I initially used ExecutorCompletionService.getActiveCount(). However, there is a tiny delay between when a job is added to the pool, and when it becomes active. This results in a race condition where my program would think it had capacity, when in fact, it did not. Because I used a LinkedBlockingQueue with ExecutorCompletionService.getPoolSize(), this drastically reduces the possibility of a race condition. When a job gets added to a LinkedBlockingQueue, the call blocks until someone on the other end picks up the message. However, this puts a lot of importance into the capacity check. With this design, if you try to add work when there is no capacity, the main thread will hang until one of the threads in the pool becomes available.

Blocking vs Polling

While the capacity check could be called repeatedly with some amount of sleep, I didn’t want to have this type of polling mechanism. Either you have to set the polling time short, and you waste CPU cycles, robbing it from a thread doing actual work, or you set the polling time longer, and then get into a situation where the program is sleeping, when it could have moved on to the next job. In effect, polling is like one of my kids repeatedly asking: “Are where there yet? Are we there yet? …”, ad nauseam.
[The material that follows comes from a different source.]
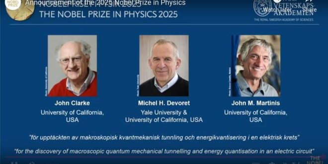 جان کلارک (John Clarke) از دانشگاه برکلی، میشل اچ. دووره (Michel H. Devoret) از دانشگاه ییل، جان مارتینیس (John M. Martinis) از دانشگاه سانتا باربارا برندگان جایزه نوبل فیزیک در سال ۲۰۲۵ هستند.
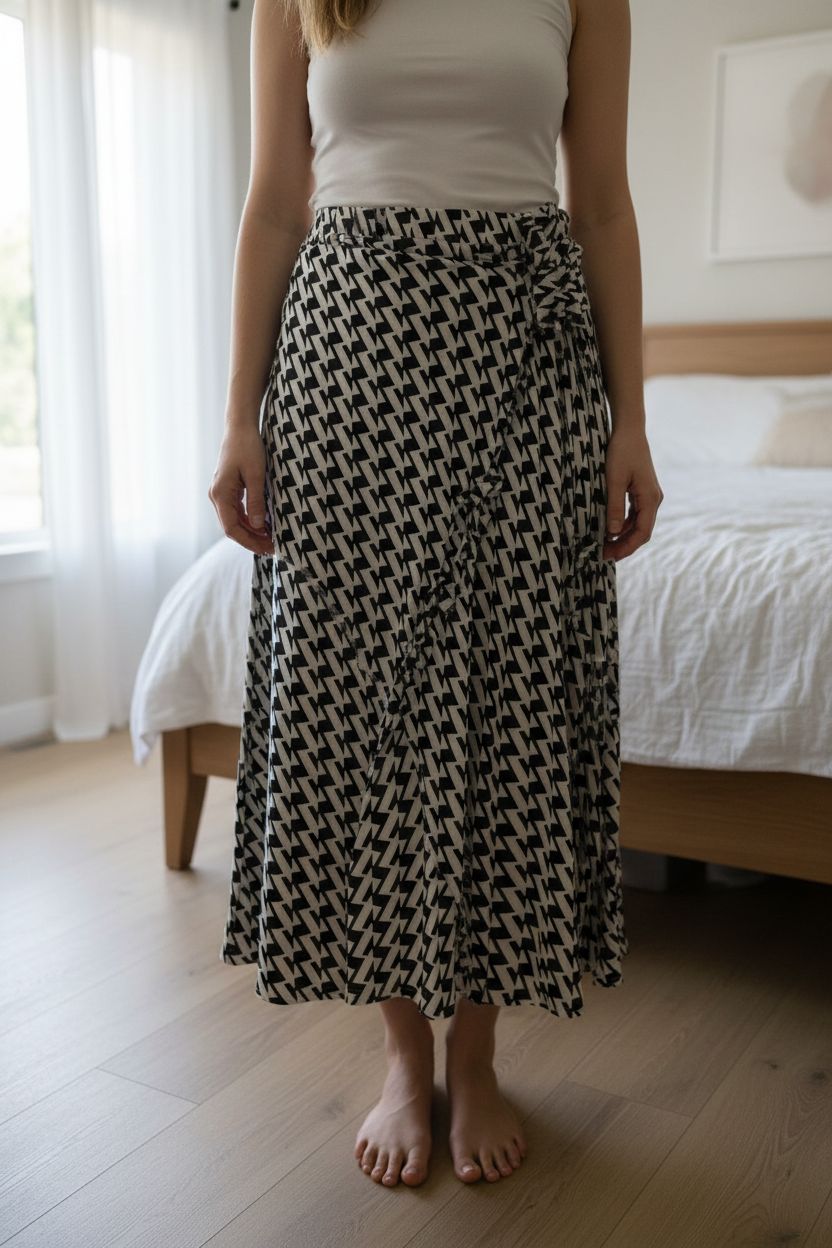 Skirt by Boohoo standing straight facing the camera, in a softly lit bedroom setting, with gentle natural light filtering through a window.

Instead, I opted to use a blocking call. If the capacity check (as specified above) indicates the thread is full, I use the ExecutorCompletionService.take(). This call blocks until any working thread becomes available. Note that even if you have capacity, this call will block until a thread becomes free. If the thread pool is completely empty and you call this, your program will dead lock.

if (completionService.getPoolSize() < maxSize) {
    // has capcity
} else {
    // does not have capcity ...

    completionService.take()

    // ... but now it does
}

/* Either way, at this point, we are
   guarenteed to have capcity in our thread pool */

Wrapping Up

This is a short rundown of my design, and some snares I encountered along the way. Hopefully this is helpful, and let me know if you have any tips or suggestions!